《検証「国が燃える」と南京事件》
以前「オタクちゃんねる」に転載したものを、再掲する。http://jbbs.livedoor.jp/bbs/read.cgi/news/535/1038323808/411-417
しんぶん赤旗 2004年12月27日 http://www.jcp.or.jp/akahata/
検証「国が燃える」と南京事件 笠原十九司(かさはら とくし・都留文科大学教授)
集英社発行の漫画雑誌『週刊ヤングジャンプ』に連載された本宮ひろし作「国が燃える」の南京虐殺事件を描いた部分が、右翼団体や地方議員グループ、その他の南京大虐殺否定派からさまざまな抗議と圧力をうけた。その結果、同誌十一月十一日発売号で、編集部と本宮ひろし氏は連名で「読者の皆様へ」という文章を掲載、虐殺描写の大幅な削除・修正を発表した(経緯については、本紙〔しんぶん赤旗〕十月十五日付十二月六日付で既報)。
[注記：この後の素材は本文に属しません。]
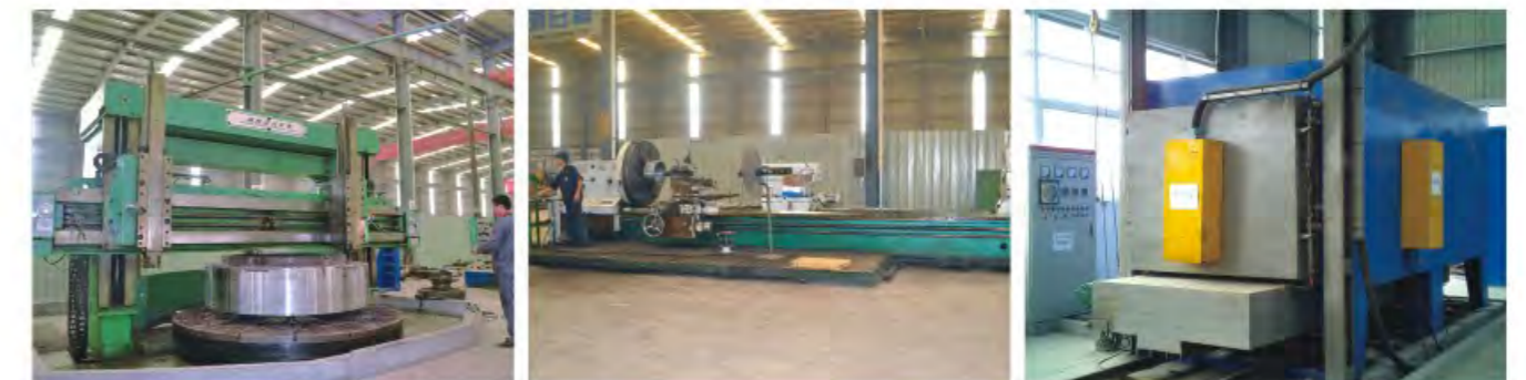
大型立车 Heavy Duty Vertical Lathe 大型卧式车床 Large Horizontal Lathe 大型热处理设备 Large-scale Heat Treatment Equipment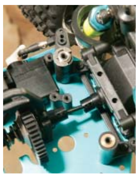
Bushing-supported bellcranks handle the steering duties with a servo saver built into the main crank.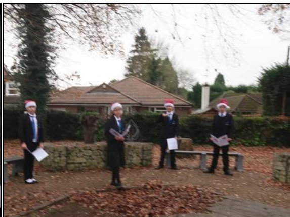
Year 8 imagining Christmas during the war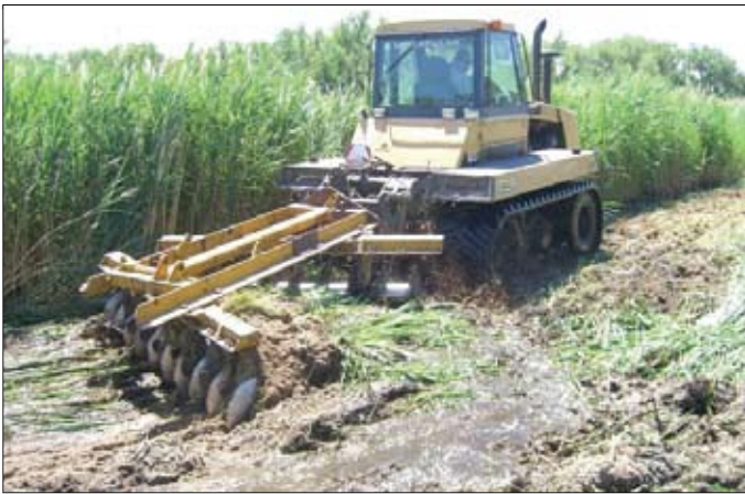
Figure 11. Disking operation.

「読者の皆様へ」には「訂正について」(以下「訂正」と略す)の小見出しで、削除・修正の箇所が具体的に記されているが、ほとんどは削除・修正する必要のないものである。その理由を「国が燃える」の劇画を検証するかたちで以下に説明してみたい。
連載の第43号(九月二十二日発売号)の欄外に、南京虐殺事件を描くにあたって参考にした文献リストが記されている。なかでも中心的に依拠したのが、猪瀬直樹監修・高岡正樹編集『目撃者が語る日中戦争』(新人物往来社、以下猪瀬本と略す)*1である。
「読者の皆様へ」は依拠した両文献を再検証の結果、否定したことになるが、それならば、その論拠を公開して「論争」に託し、その史料的価値を確認すべきである。第42号
南京城内の残敵掃討の場面(182〜183ページ)
最初の絵は、猪瀬本の「戦闘で破壊され尽くした南京の街・下関(シャカン)大馬路」というキャプションのついた写真(58ページ)をそのまま絵にしている。後ろ手に縛って座らせた中国人の首を日本刀で斬り落とす場面のセリフ「穴を掘って次から次へ首を斬るんだが… 達人は皆、皮一枚残して斬る 皮一枚でついている首がオモリになって自分から穴へ落ちるんだ」は猪瀬本に掲載されている従軍カメラマンの河野公輝さんの証言(63ページ)そのままの引用である。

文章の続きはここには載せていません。